# centenial tree



## paccity (Jul 24, 2011)

some pic's of the tree that we have on display at our museum ground.View attachment 191855
View attachment 191856
View attachment 191857
View attachment 191858
View attachment 191859


----------



## slowp (Jul 24, 2011)

The article about useless loggers was good.


----------



## ChainsawmanXX (Jul 24, 2011)

Greene County Indiana Information - Great Sycamore Tree
This here is a HUGE sycamore limb... Mind you this was just the limb. When I used to live in Indiana I went by this limb alot. Its really magnificent!


----------



## madhatte (Jul 24, 2011)

Those color pics are great! It took me a moment to realize how old they are.


----------



## rodeo (Jul 24, 2011)

Damn! 42 FT.! in circumference! Approx. 160" Dbh (13+ ft. if my math is correct, which it probably isn't). That's a big-ass sycamore. mtsam is probably gonna try to take credit for falling it - I know he's done a little sycamore falling in Indiana ha ha 

PS. Sam, great to finally touch base with you last night. You can now consider yourself a member of the world's most exclusive club... I can count on one hand the amount of people who have my land-line phone #. Ha Ha


----------



## Rounder (Jul 24, 2011)

I was stunned....to say the least. I feel like high-society now. I'll be calling constantlyumpkin2:.

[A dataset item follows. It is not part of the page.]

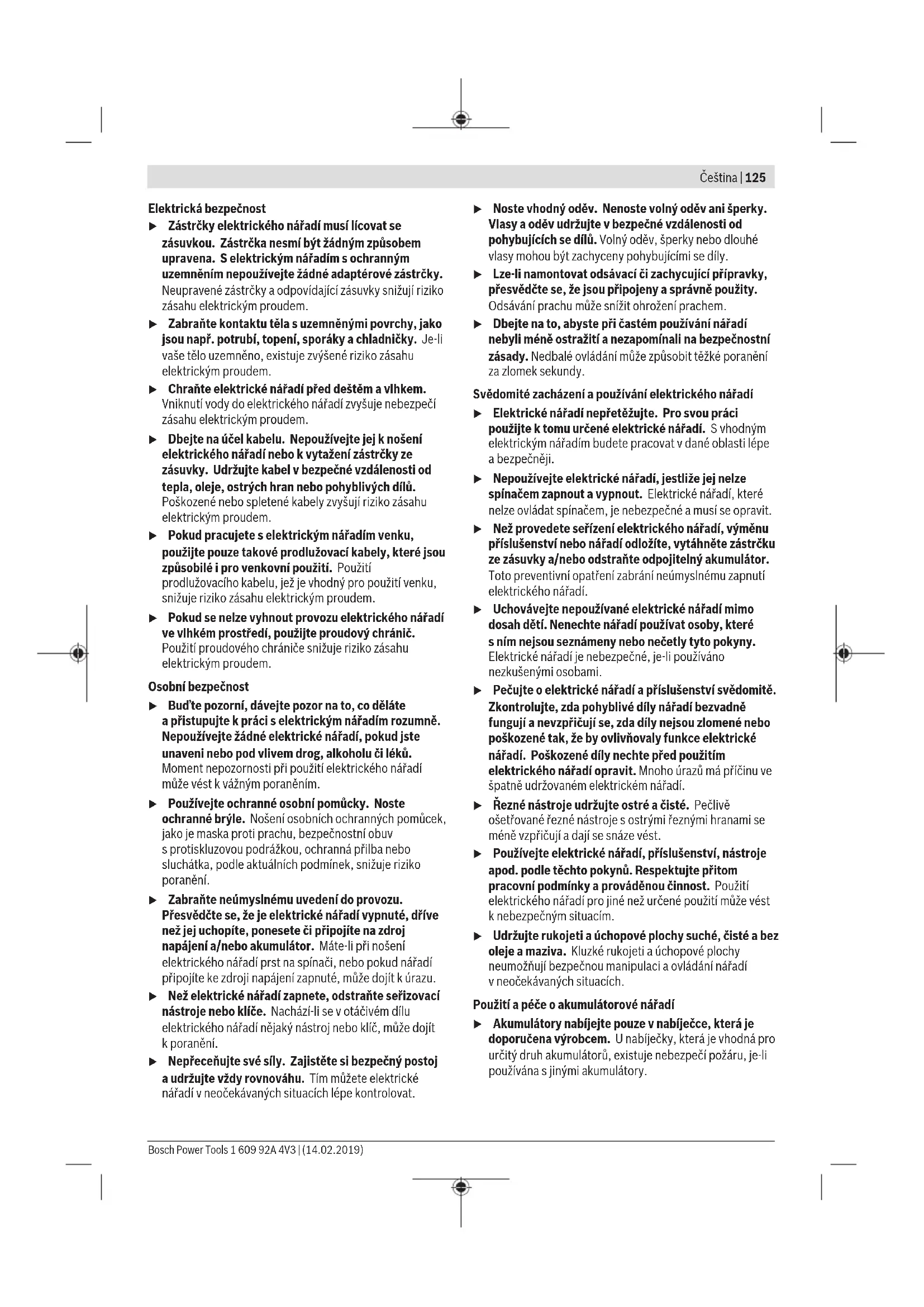 Úroveň vibrací aúroveň hluku, které jsou uvedené vtěchto pokynech, byly změřeny pomocí normované měřicí metody alze je použít pro vzájemné porovnání elektronářadí. Hodí se ipro předběžný odhad zatížení vibracemi ahlukem. Uvedená úroveň vibrací aúroveň hluku reprezentuje hlavní použití elektronářadí. Pokud se ovšem bude elektronářadí používat pro jiné práce, sjinými nástroji nebo snedostatečnou údržbou, může se úroveň hluku aúroveň vibrací lišit. To může zatížení vibracemi ahlukem po celou pracovní dobu zřetelně zvýšit. Pro přesný odhad zatížení vibracemi ahlukem by měly být zohledněny idoby, kdy je nářadí vypnuté nebo běží, ale ve skutečnosti se nepoužívá. To může zatížení vibracemi ahlukem po celou pracovní dobu výrazně snížit. Stanovte dodatečná bezpečnostní opatření kochraně obsluhy před účinky vibrací, jako je např. údržba elektronářadí anástrojů, udržování teplých rukou, organizace pracovních procesů. Montáž u Před každou prací na elektronářadí (např. údržba, výměna nástrojů) apři jeho přepravě auskladnění vyjměte akumulátor. Při neúmyslném stisknutí vypínače hrozí nebezpečí poranění. Obsah dodávky Typ 0 602 490 437/ 0 602 490 471/ 0 602 490 447/

Take care and take some pics of that fir sale and post them in the falling thread pard - Sam


As always, thanks for sharing the pics Paccity


----------



## rodeo (Jul 24, 2011)

Paccity - wow, great pics. Oregon kicks ass on many different levels. Huge trees, great Summer skiing, great beer, steelheading, crabbing, clamming, etc... 

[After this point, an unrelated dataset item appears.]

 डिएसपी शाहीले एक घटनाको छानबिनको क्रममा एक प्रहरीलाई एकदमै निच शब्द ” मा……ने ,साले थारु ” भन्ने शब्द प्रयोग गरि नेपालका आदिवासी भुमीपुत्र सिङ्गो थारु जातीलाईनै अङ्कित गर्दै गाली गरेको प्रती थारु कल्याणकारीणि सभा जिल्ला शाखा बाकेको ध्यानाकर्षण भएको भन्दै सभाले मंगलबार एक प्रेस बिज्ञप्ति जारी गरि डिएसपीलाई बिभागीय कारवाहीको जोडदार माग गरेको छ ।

Back to the big tree part. Love the pic of the guy climbing. What a pickle (the tree, not the guy).

Sam. I'll get pics for sure. There are some pretty nice d fir on the sale but nothing that would hold up in this thread so I'll get em in the falling thread and let you critique my stumps. Be safe and hopefully I'll see you at the lumberjack saloon here in a few weeks.


----------



## Rounder (Jul 24, 2011)

rodeo said:


> Paccity - wow, great pics. Oregon kicks ass on many different levels. Huge trees, great Summer skiing, great beer, steelheading, crabbing, clamming, etc...
> 
> Back to the big tree part. Love the pic of the guy climbing. What a pickle (the tree, not the guy).
> 
> Sam. I'll get pics for sure. There are some pretty nice d fir on the sale but nothing that would hold up in this thread so I'll get em in the falling thread and let you critique my stumps. Be safe and hopefully I'll see you at the lumberjack saloon here in a few weeks.


 
Sounds good pard, I've seen your stumps....not a thing to worry about there.


----------



## paccity (Jul 24, 2011)

forgot one. View attachment 191971


----------



## paccity (Jul 24, 2011)

slowp said:


> The article about useless loggers was good.


 
and the article about wet water being new tech.


----------



## paccity (Jul 25, 2011)

need to restate on the i.d. on some of the pic's. got the mixed up. the color pic's were not the centenial log bot a onther big fir droped in 1959 down by coosbay or. still workin on some more of the display log. and more articales from the forest log. but heres one of the centenial log in 48.View attachment 192012


----------



## Greystoke (Jul 25, 2011)

Awesome fir tree! Wish they would hurry up and invent a time machine so that I could go back in time with my big saws, tree jacks, and of course, my chain grinder...either that or the discovery of a planet carpeted with timber like that, to supply lumber for some other treeless planet...oh yes, I am waiting!


----------



## paccity (Jul 25, 2011)

the thing that i like is on the one pic of it falling is how close everyone is standing to it. today the saftey natzis would #### themselves if they saw that.


----------



## Greystoke (Jul 25, 2011)

Yet another good reason for a time machine, or a new planet...for loggers only....all the cull, dip####, maggots that want to interfere with our great occupation would get their guts stomped out and sent back to the holes they came from


----------



## slowp (Jul 25, 2011)

tarzanstree said:


> Yet another good reason for a time machine, or a new planet...for loggers only....all the cull, dip####, maggots that want to interfere with our great occupation would get their guts stomped out and sent back to the holes they came from



Well, there is a thread about selling public lands to make money on the tree hugger site. I am advocating selling more timber. Our forest's cut is now about 5% of what it was in 1988. It could easily be higher.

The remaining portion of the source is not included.